To demonstrate concretely, suppose you are a data scientist for a health company interested in evaluating the determinants or risks of heart attack of a patient. The merely scientific data miner will recoil into his shop and exert himself to running the most accurate logistic regression with no consideration of the perspectives or technical aptitude of the stakeholders. The artful data scientist will rather seek to understand the motive behind the question, relevant historic works and context if any, the analytical maturity level of the stakeholders of the solution, sources of data, the intended applications of the solution, and other pertinent factors.
Assessing the technical acumen of his business partners, the artful data scientist may use a linear rather than logistic probability model: This makes his model transparent, and his model effects easy to interpret. Many may be the number of statistically significant variables in his model but he would retain only four to six of the most predictive for simplicity sake. He rightly reckons that since this is one of the first predictive models of the company, it’s better to start small than big. As he obtains results from his analysis, he discusses them, even if preliminary, with his business partners to check for business sense and gauge their emotional connection to the emerging product. And instead of merely presenting point estimate predictions, he correctly conjecture that they—the point estimates—may be mistaken for God’s calls; thus he also presents confidence intervals to describe the bounds of equally likely outcomes and to also reinforce the uncertainty in his model predictions!
All of these behaviors seem small but go a long way to bolster the credibility of the business in the analytics product and enhances its probability of being assimilated into operations.Science is all the acts you do to produce an accurate solution; art is all the things you do to produce a tailored solution.

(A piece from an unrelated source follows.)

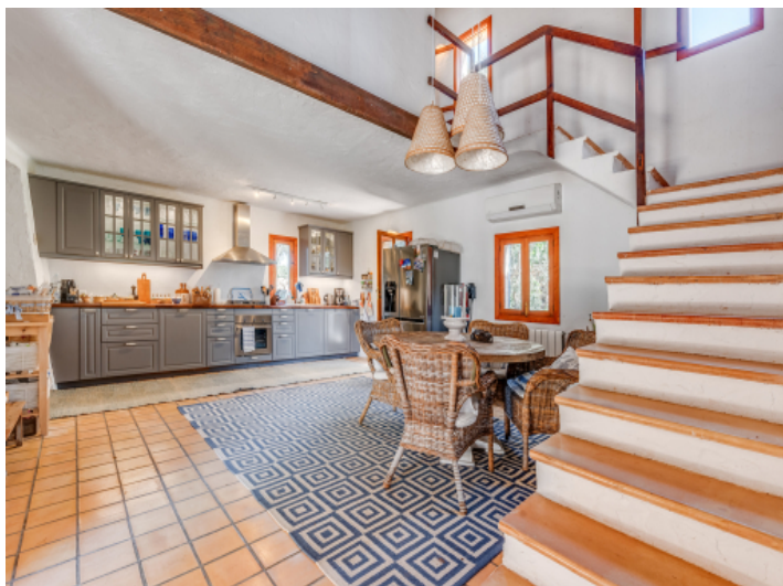
Renovierte Küche mit Essbereich

Breeding a High-Performance Data Science Team
If people are the greatest assets to an organization, then cultivating a well-skilled data science team should be the primary responsibility of the chief data science officer (CDO). As a general rule, he or she should not hire anyone who doesn’t have a thriving level of comfort with analytic techniques, and is not willing to learn them. Given the importance of science and art in the success of the department, the CDO should also maintain two career development tracks: Technical and Business. The technical allows analysts who have a skewed interest in the science to continue to move up the career ladder as they grow in their technical understanding, ability and sophistication. The business track allows analysts with a good mix of science and art and a competency in managing relationships between the data science team and its stakeholders—typically non-technical— to move up as well. While most data science functions have a business track, the technical tracks are normally rare; and this has resulted in teams which have good business managers but lack technical managers with the right level of scientific sophistication to create products nuanced enough to thrill business partners and clients.
In Closing…
Analytics remains a powerful yet foreign utility in business. Its ultimate power resides not in its theoretical elegance, but in its usefulness to and applications in business. The burden therefore rests on data scientists to manufacture analytics products that win the rational and emotional buy in of their business partners and stakeholders. We need to painstakingly craft technical solutions that solve the business problem, and work harder to showcase its beauty for the most technically aloof mind to appreciate. When we do this, our value and status will rise wherever we serve.